Так говорила кондукторша Варвара, недовольно выпятив нижнюю губу. Но вожатый не слышал ее слов, потому что он спал. А трамвай не обратил внимания на ее слова.
Напрасно кондукторша Варвара просила трамвай не ехать в степь, требовала, даже кричала. Трамвай не изменил своего решения. А старый вагоновожатый спал.
Тогда Варвара подошла к ночным пассажирам, которые уже сидели на лавках, и ледяным голосом сказала:
— Получайте билеты!
Она оторвала от билетной катушки один розовый билетик, который торчал, как язык. Но на его месте тотчас же вырос новый розовый язык. Варвара безжалостно оторвала и его. Билетная катушка, не унывая, в третий раз показала ей язык. Варвара пухлой рукой защелкнула свою кондукторскую сумку и вышла на заднюю площадку.

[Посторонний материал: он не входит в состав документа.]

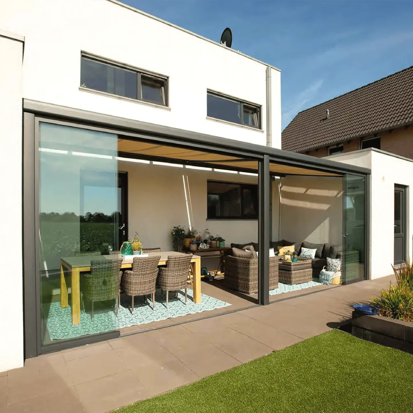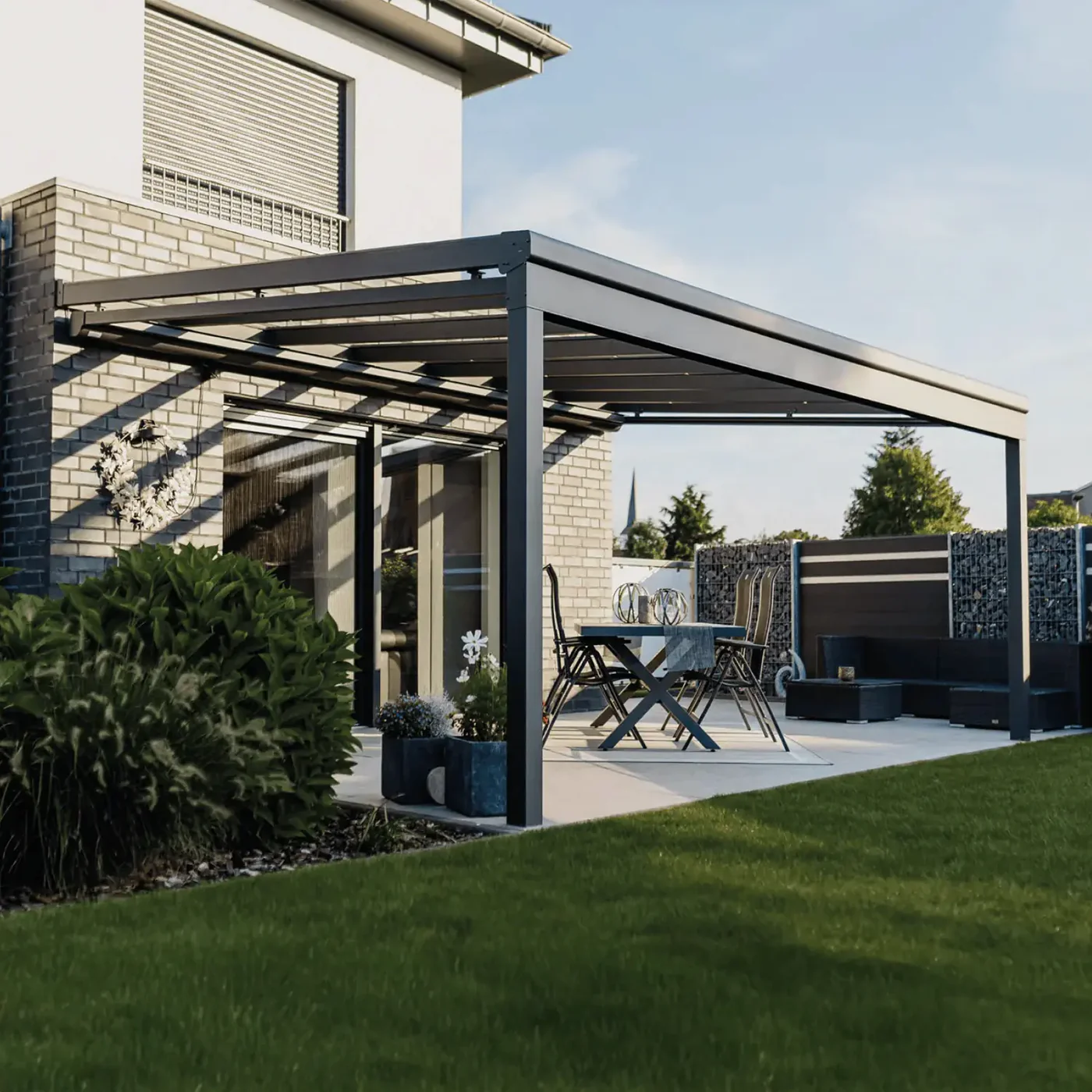 Pulverbeschichtete Aluminiumprofile und witterungsbeständige Materialien sorgen für hohe Stabilität und langfristige Haltbarkeit. Stabile Aluminiumkonstruktion mit verdeckter Regenrinne

— Можешь ехать на все четыре стороны, — сказала она трамваю, — а я остаюсь. Прощай, дикий трамвай! Завтра же попрошусь на другой. На приличный, который ездит только по городу.
И Варвара, сердито сверкнув глазами, на ходу соскочила с подножки.
А «подкидыш» ускорял шаг. Он и так потерял много времени.
Старую женщину трамвай нагнал в степи. Он так спешил, что чуть не проскочил мимо: когда фонари забиты снегом, то плохо видно. Заметив фигуру женщины в платке, побелевшем от снега, он нажал на тормоза, и его подножка площадки гостеприимно замерла рядом с ночной путницей.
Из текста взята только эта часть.